冷酷社長な旦那様が「君のためなら死ねる」と言い出しました~ヤンデレ御曹司の激重愛~

「シェーレなら、いつかもっとすごい治療薬を作ってくれるんじゃないかなって期待してる」
「旦那様が社長なんですもんね? もーカッコよすぎ! 救世主!」

 顎の下で手を組む結海ちゃんが褒めまくるので、私も口元が緩みっぱなしだ。桐人さんなら医療界に衝撃を与えるような製品を生み出しそうだと、本気で思う私はおめでたい人間かな。

 しかし、そうやってのろけるのは私だけではない。

「実は私、病気がきっかけで彼氏ができたんです。大学の先輩の」
「えっ!?」

 背筋を伸ばした結海ちゃんの、突然の交際宣言に目を丸くした。

 彼女がムーンフェイスになるのを極端に嫌がっていたのは、好きな人がいるからだと後々知った。その彼とうまくいったということだろうか。

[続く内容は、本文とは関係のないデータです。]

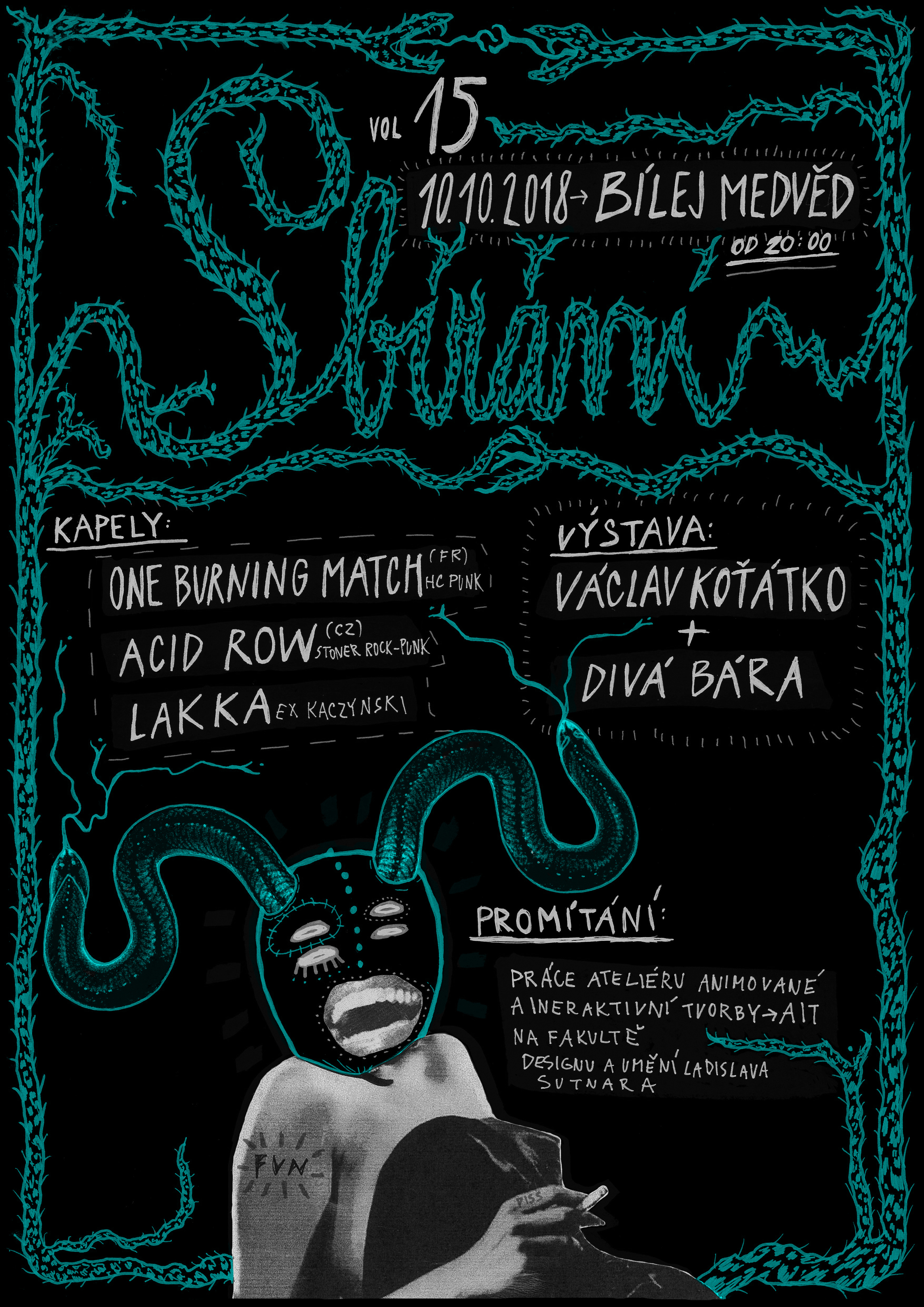 V rámci Sbírání proběhne vernisáž Divé Báry (která se už notnou dobu stará mimo jiné o vizuál kapely Acid Row) a Václava Koťátka.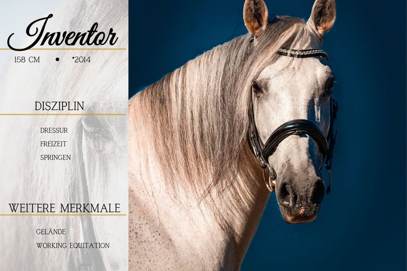 Invator to klacz urodzona w 2014 roku, o wzroście około 158 cm. *Invator* to przepiękny, bardzo dobrze jeżdżący koń wierzchowy, którego można polecić na każdą okazję. Doskonale radzi sobie w lonży i na placu, wykonuje świetne półstruki. W terenie, zarówno solo, jak i w grupie, a także w obcym otoczeniu, zachowuje się niezwykle grzecznie. Jest wygodny w siodle i bardzo łatwy w utrzymaniu kontaktu. Po prostu koń marzeń. Nadaje się również dla młodzieży i mniej doświadczonych jeźdźców. Na nim czujesz się świetnie! KONIECZNIE ZOBACZ JEGO FILM!!! Wychowany w domu i bardzo łatwy w obsłudze. Niezwykły koń pod każdym względem. Ma już spore doświadczenie w różnych sytuacjach. Aktualne wideo znajdziesz tutaj w ogłoszeniu lub pod tym linkiem: https://www.youtube.com/watch?v=Jvkc9j3DGfc Hodowla koni Dederichs – Twój partner w zakupie konia Kontakt i dostępność: Zapytania prosimy kierować wyłącznie telefonicznie pod numer 0173/9792139 Poniedziałek – piątek: 09:00 – 18:00 Sobota: 09:00 – 15:00 Niedziela: dzień wolny Śledź nas na mediach społecznościowych! Poznaj naszą codzienność z końmi na Instagramie, TikToku i Facebooku pod nazwą Pferdehandlung Dederichs Rabat: Przy natychmiastowym odebraniu swojego nowego konia marzeń otrzymasz rabat od 5% do 10% Próba jazdy i prezentacja: • Próba jazdy: 30 € za konia (max. 2 jeźdźców), kwota ta zostanie odliczona od ceny zakupu • Święta: jazda próbna 50 € • Prezentacja przez naszych jeźdźców: 25 € za konia (prowadzenie, praca na ziemi itp.) Badanie przedzakupowe i transport: • Większość naszych koni ma już przeprowadzone badanie kliniczne (AKU) • Oczywiście można przyprowadzić własnego weterynarza • Chętnie zorganizujemy badanie • Z przyjemnością pomożemy również w transporcie do nowego domu Inne konie na sprzedaż: W naszym stadzie dostępne są także inne konie, które jeszcze nie są online. Jeśli Twój wymarzony koń jeszcze nie jest w ofercie, nie wahaj się z nami skontaktować. Ważne informacje: • Podane wymiary są szacunkowe i nie zostały dokładnie zmierzone • Wszystkie opisy są subiektywną oceną sprzedającego i nie stanowią gwarancji cech konia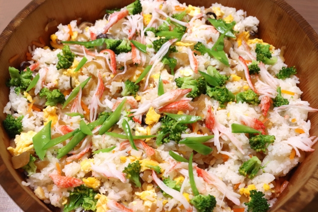 15 Evenly distribute the cooked vegetables and eel over the sushi rice, mix gently, and transfer to serving dishes. Garnish with snow peas, sweet rolled omelette, and sweetened vinegar lotus root.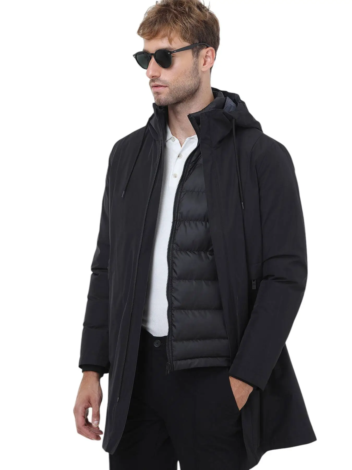 Notify me when its in stockRegular fit top coat with a zipper on the front and a hood, designed with flexible fabric. It can be used alone or with a removable coat inside. Zippered side pocket that supports functionality. Warmth all day long with its soft texture.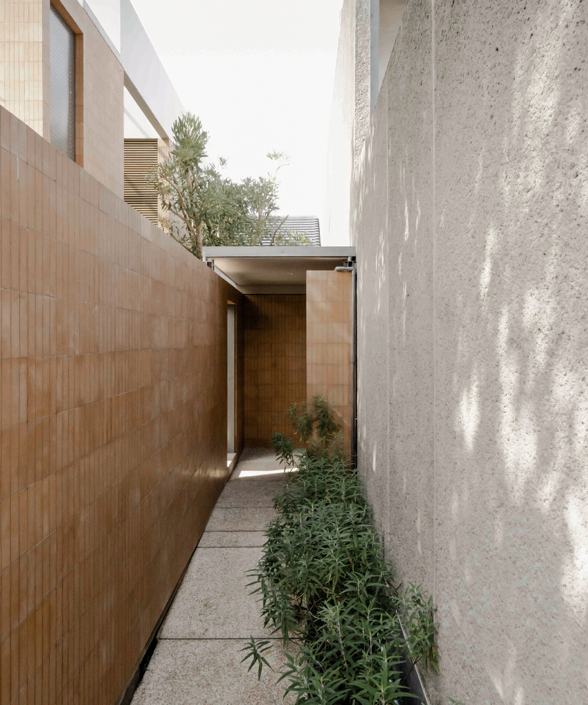 The introverted personality of this house is seen from the front. The facade that looks like two stacked boxes looks massive without openings. The main door is completely covered by a perforated metal fence. There are no windows facing the street, either on the 1st or 2nd floor.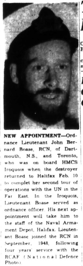 Article on Lt Boase being appointed to the Naval Armament Depot, Halifax.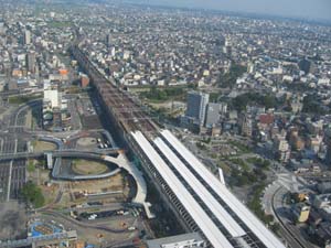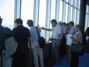 スカイラウンジにて 無料展望スペース。 一部をレストランとして賃貸し、エレベーターなどの維持管理費を捻出している。 名古屋の夜景が浮かびあがって見えるのが自慢。 遠くの山並みの風景も見所。 |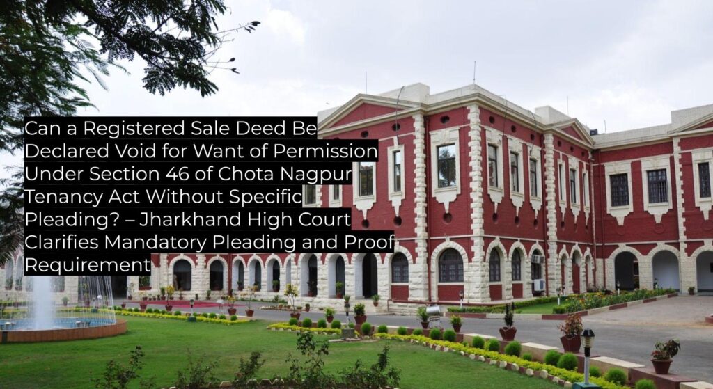 Can a Registered Sale Deed Be Declared Void for Want of Permission Under Section 46 of Chota Nagpur Tenancy Act Without Specific Pleading? – Jharkhand High Court Clarifies Mandatory Pleading and Proof Requirement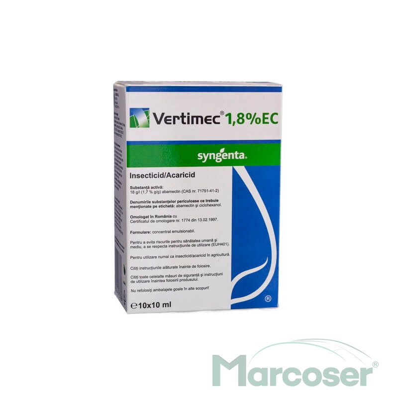 Vezi descriereVertimec patrunde rapid în planta si formeaza un depozit activ de produs în mezofilul frunzelor, depozit ce asigura controlul daunatorilor pe o perioada lunga de timp. Actioneaza asupra daunatorilor, in principal prin ingestie, distrugand adultii si larvele care se hranesc cu partile tratate ale plantei.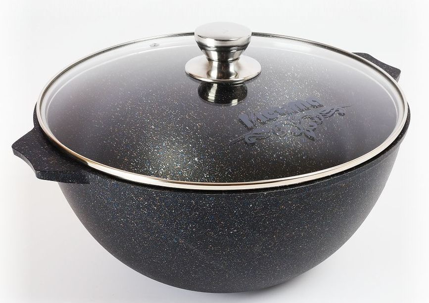 Казан для плова 7л с антипригарным покрытием и стеклянной крышкой серии "Гранит star" Подходит для всех типов плит, кроме индукционных. Можно использовать в посудомоечной машине.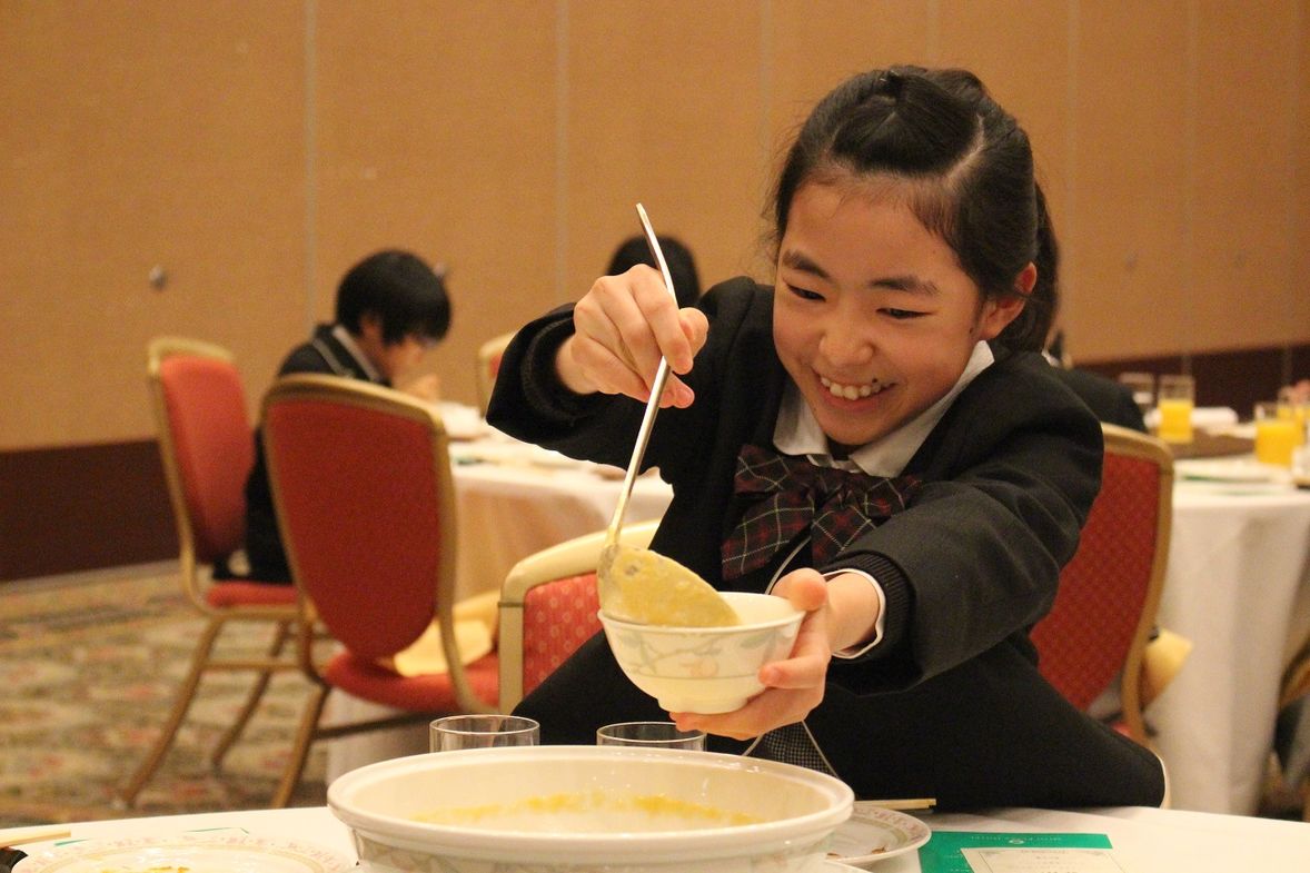 同じテーブルの人たちと料理を分け合いながら、相手の気持ちを考えて食事をすることの大切さを感じることができたようです。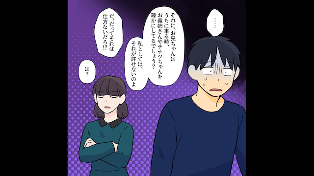 義妹の家で誕生日会が行われることを知った夫は、自分が呼ばれなかったことにショックを受けます。 さらに義妹に家族を疎かにしていることが許せないと言われた夫は、時間もお金もない義妹に協力しないといけないと思ったのだと言いますが…。

「病気を告白したら、僕がちゃんと勉強して支えるって言ってくれたんです。ほら、だんだん顔丸くなってきたでしょ? そんな私も可愛いって言ってくれる人で……こんな神様みたいなメンズが現実にいたんですね!」

 自分の顔を指差す彼女は、確かに薬の影響で前よりふっくらしてきている。けれど、頬をほんのり染めて三日月みたいに目を細める姿はとっても幸せそう。

 結海ちゃんにもすべてを愛してくれる人がいたようで、本当に嬉しい。私まで幸せな気分で、彼女の手を両手で握った。